» Work order: The expected result is a verbatim repetition of the lines from the start of the entries through the line containing "Le fauteuil en", with the pictures removed.

» Collection entries:
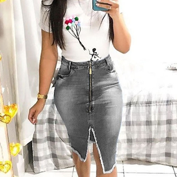 this piece can easily showcase your seductive hips. What's more,the slit hem and front zipper design
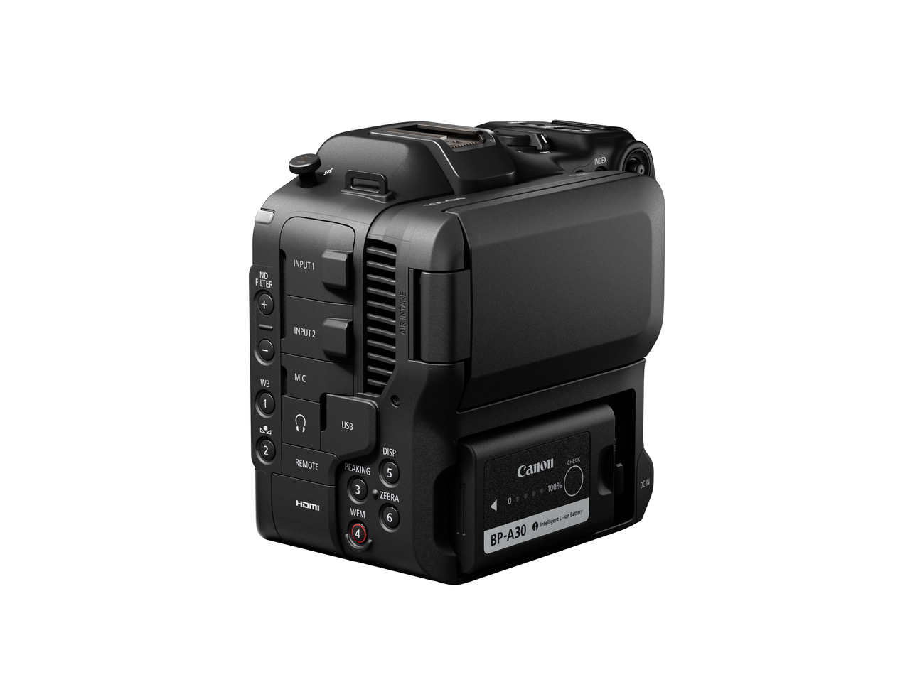 Son capteur CMOS capteur DGO (Dual Gain Output), identique à celui de la C 300 et donc d’une résolution de 9.6 megapixels (4206 x 2280), peut prendre en charge jusqu’à 16 stops de dynamique et bénéficie de la science des couleurs Canon… Ce capteur bénéficie aussi d’une intelligence artificielle qui autorise un mode reconnaissance facial et de tracking pour un suivi de mise au point automatique à partir de l’identification du sujet d’une simple pression du doigt sur l’écran de contrôle. Donc, pour résumer, en dépit de sa petite taille cette caméra a un tigre sous le capot !
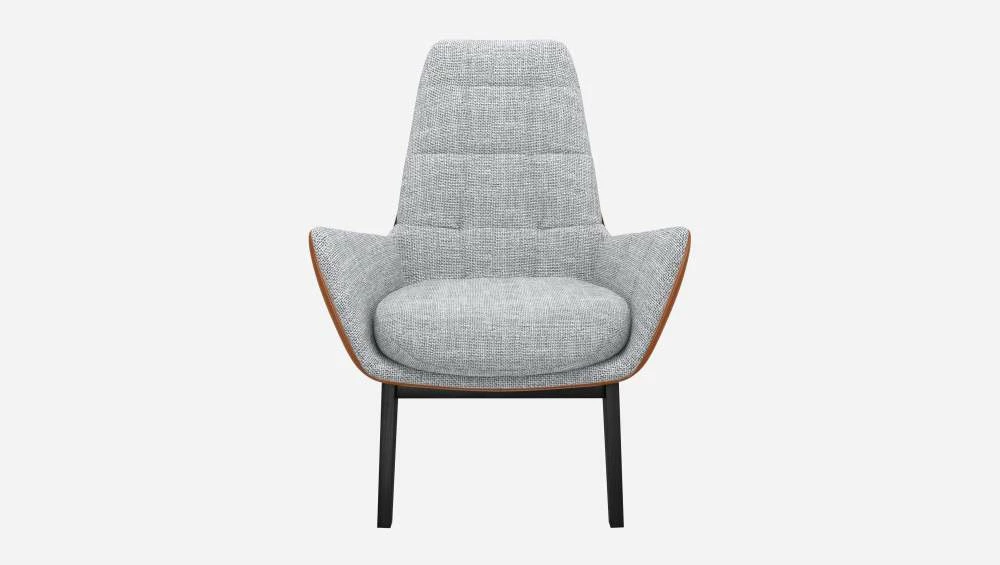Le fauteuil en tissu Melina gris asphalte et cuir Vintage avec pieds noirs peut être associé avec le repose-pieds de la même collection.
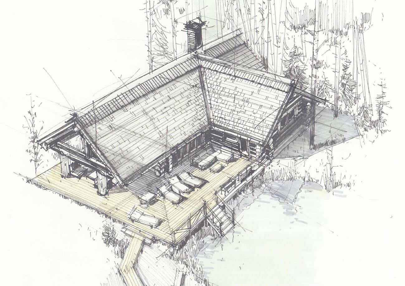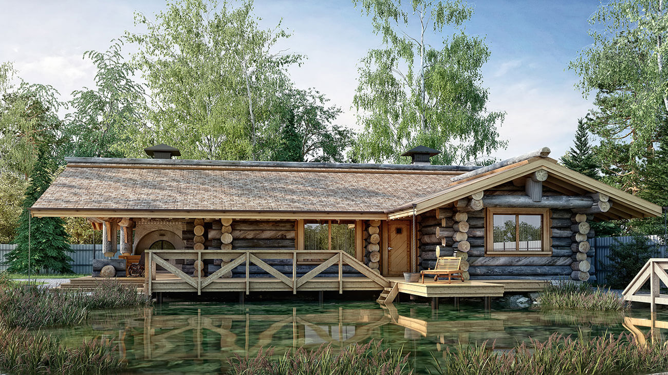 Баня запроектирована для круглогодичного использования в коттеджном поселке «Вымпел» Московской области на участке со спокойным ровным рельефом. Проектируемая баня одноэтажная, с совмещенный скатной кровлей. Архитектурное решение образа бани — объемно-пространственная композиция горизонтальной направленности, подчеркнутая линиями кровель, архитектурными деталями сруба, сочетающая современное видение с традициями деревянной архитектуры.
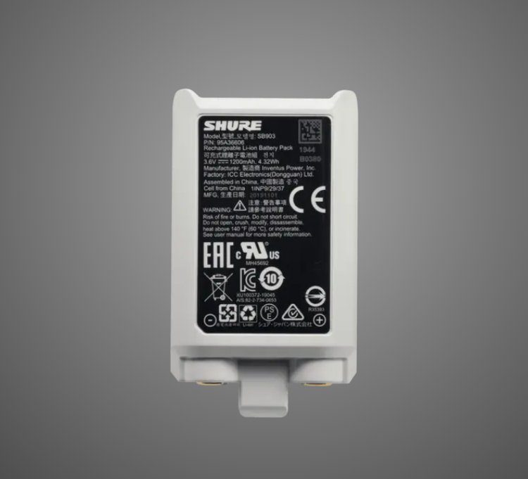 2节AA电池壳持续使用长达8小时,也可选配舒尔SB903可充电锂电池
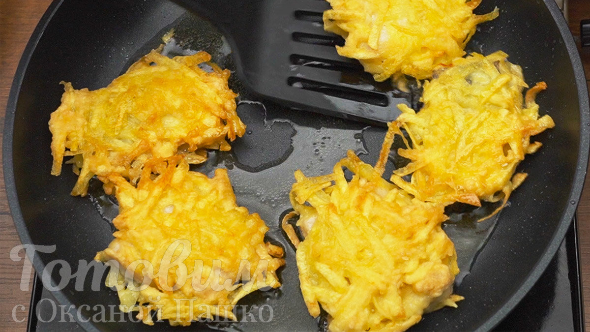 3. Жарка: Картофель натереть на крупной терке, делая это по мере необходимости, чтобы он не потемнел. Каждый кусочек рыбы обмакнуть в кляр, затем обвалять в тертом картофеле. На разогретую сковороду с растительным маслом выложить обжаренную рыбу. Готовить до золотистой корочки с обеих сторон на среднем огне. Выложить готовые кусочки на бумажное полотенце, чтобы удалить излишки масла.
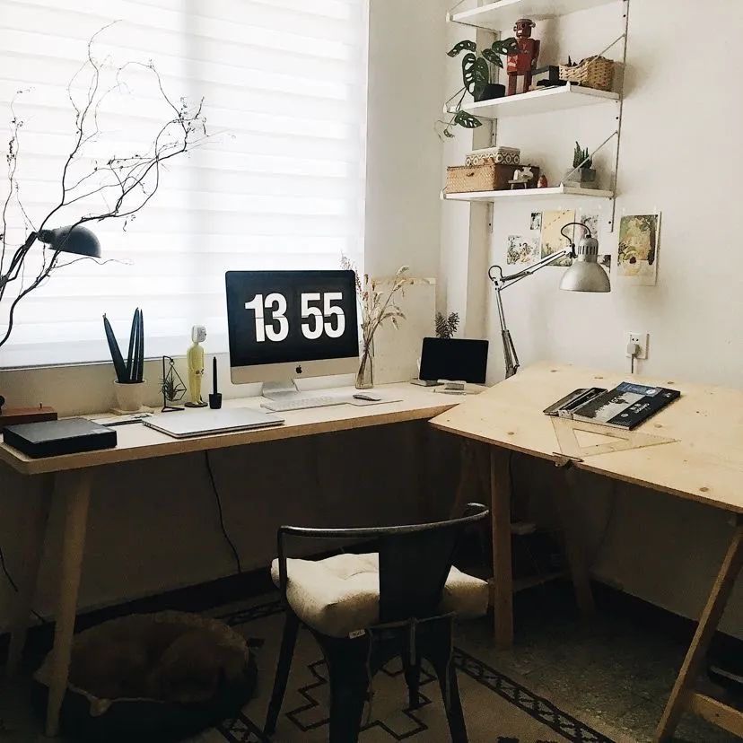 在一间被绿植包围的工作室里,有宠物、有鲜花、有阳光,还有烹饪中的美食和悠闲工作的好心情。
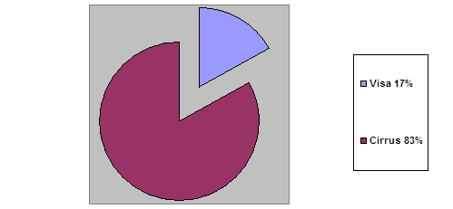 Новогрудский филиал N 416 АСБ «Беларусбанк» проводит активную работу с физическими лицами в плане открытия карт-счетов и выдачи пластиковых карточек. На 01.04.2005 года филиалом было выпущено 1366 штук карточек (Cirrus Maestro), и действовали 5 терминалов на предприятиях торговли и сервиса, принимающих оплату по карточкам за товары и услуги. За год по состоянию на 01.04.2006 года количество эмитированных пластиковых карточек увеличилось в 4,4 раза и составило 6044 штуки(в том числе-Cirrus Maestro – 5015 штук (83%) и Visa Electron – 1029 штук(17%)) (рисунок 8); количество терминалов для принятия оплаты по карточкам возросло до 14.
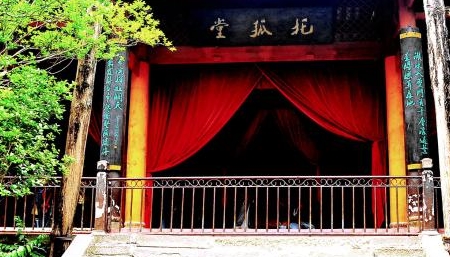 托孤堂;《三国演义》有一段白帝城刘备托孤的故事:蜀国皇帝刘备的结拜兄弟关羽败走麦城,死于刀下后,备为他报仇,不听众臣劝阻,起兵讨伐东吴。途中另一个结拜兄弟、伐吴先锋--张飞丧身叛将范疆、张达手中,刘备愤而不谋,催兵猛进。章武二年夏六月,被东吴大将陆逊用计火烧七百里军营,在败于彝陵猇亭之地,因而退守到白帝城中。三国久未统一,两弟先后丧命,大军新遭重创,国事私仇使刘备忧愤成疾,眼看朝不保夕,乃招丞相诸葛亮星夜赶至。在永安宫中,刘备把儿子刘禅(阿斗)委托于诸葛亮。然后便一命归天了。从此,白帝城就因这段脍炙人口的故事而更加闻名于世了。
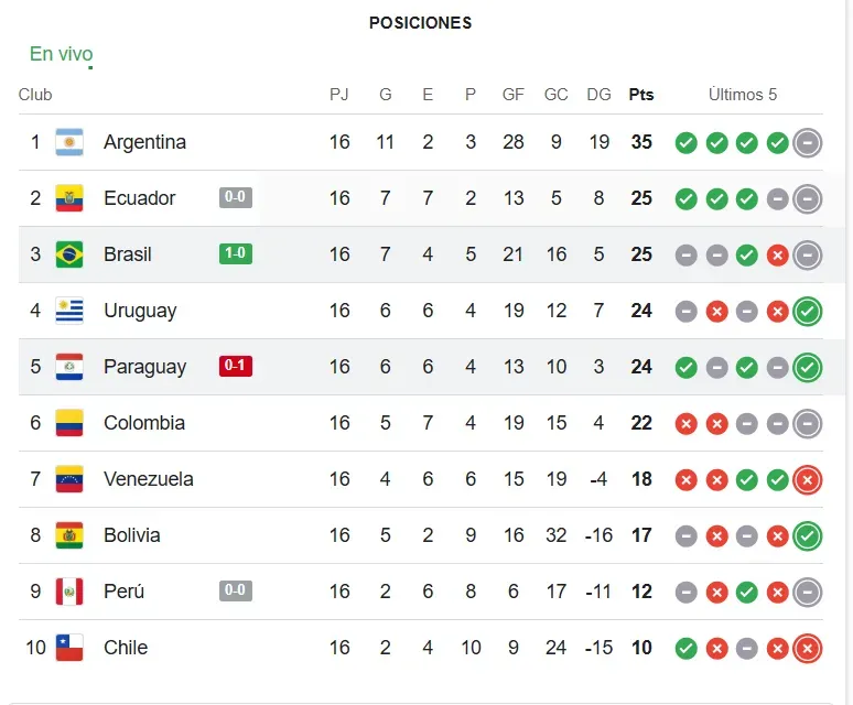 Por su parte, Paraguay quedó con 24 unidades, por lo que, es casi seguro que esté en el torneo, pero le falta, al menos, una unidad para clasificar oficialmente.¿
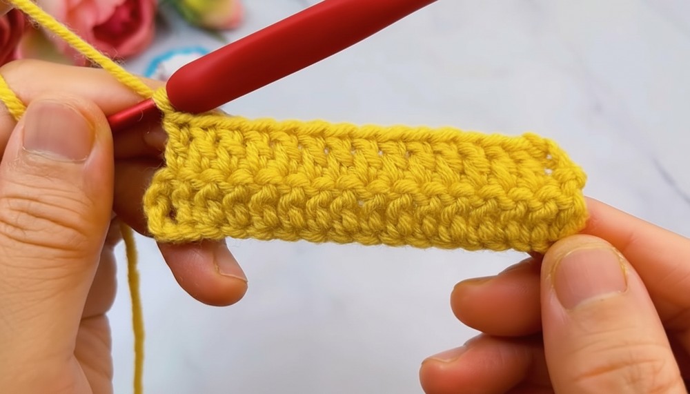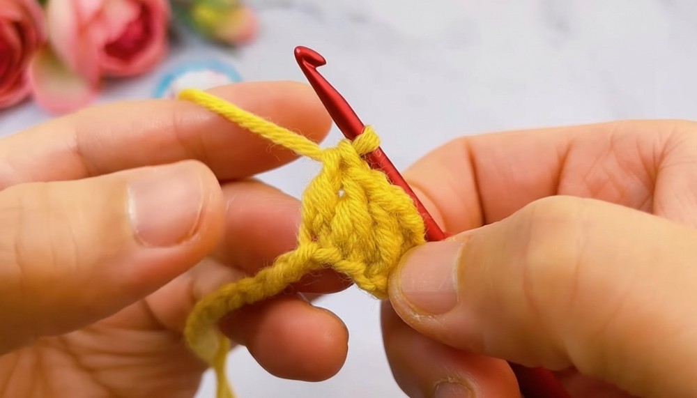 - Crochet 1 SC in the first stitch, then SC in the next 3 stitches.
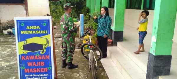 Sertu Agus, mendatangi SD Negeri Jatimulyo ini menyampaikan banyak hal terkait program TMMD oleh Kodim Bojonegoro kepada para Guru, dan memberikan masukan serta semangat meskipun belajar Daring.
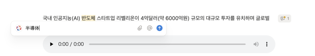 例えば、반도체 という単語がわからない場合、コメント機能を活用しましょう。
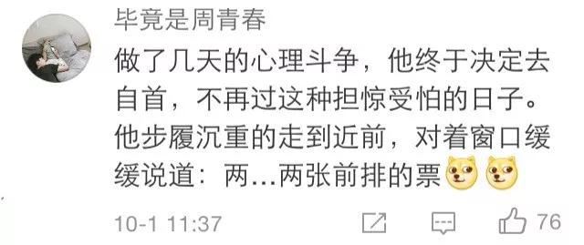 有网友还说起了段子:“做了几天的心理斗争,他终于决定去自首,不再过这种担惊受怕的日子。他步履沉重的走到近前,对着窗口缓缓说道:两…两张前排的票”
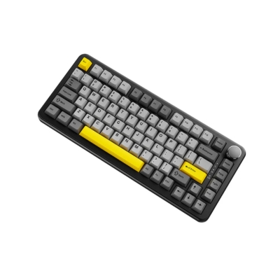 Featuring a sleek Black-Gray theme, this keyboard delivers a modern, sophisticated aesthetic perfect for any workspace or gaming setup. Its RGB backlighting with 3 customizable modes, combined with an integrated screen, enables users to personalize lighting effects, monitor key functions, and track performance metrics for enhanced productivity.

» Written answer:
 this piece can easily showcase your seductive hips. What's more,the slit hem and front zipper design
 Son capteur CMOS capteur DGO (Dual Gain Output), identique à celui de la C 300 et donc d’une résolution de 9.6 megapixels (4206 x 2280), peut prendre en charge jusqu’à 16 stops de dynamique et bénéficie de la science des couleurs Canon… Ce capteur bénéficie aussi d’une intelligence artificielle qui autorise un mode reconnaissance facial et de tracking pour un suivi de mise au point automatique à partir de l’identification du sujet d’une simple pression du doigt sur l’écran de contrôle. Donc, pour résumer, en dépit de sa petite taille cette caméra a un tigre sous le capot !
Le fauteuil en tissu Melina gris asphalte et cuir Vintage avec pieds noirs peut être associé avec le repose-pieds de la même collection.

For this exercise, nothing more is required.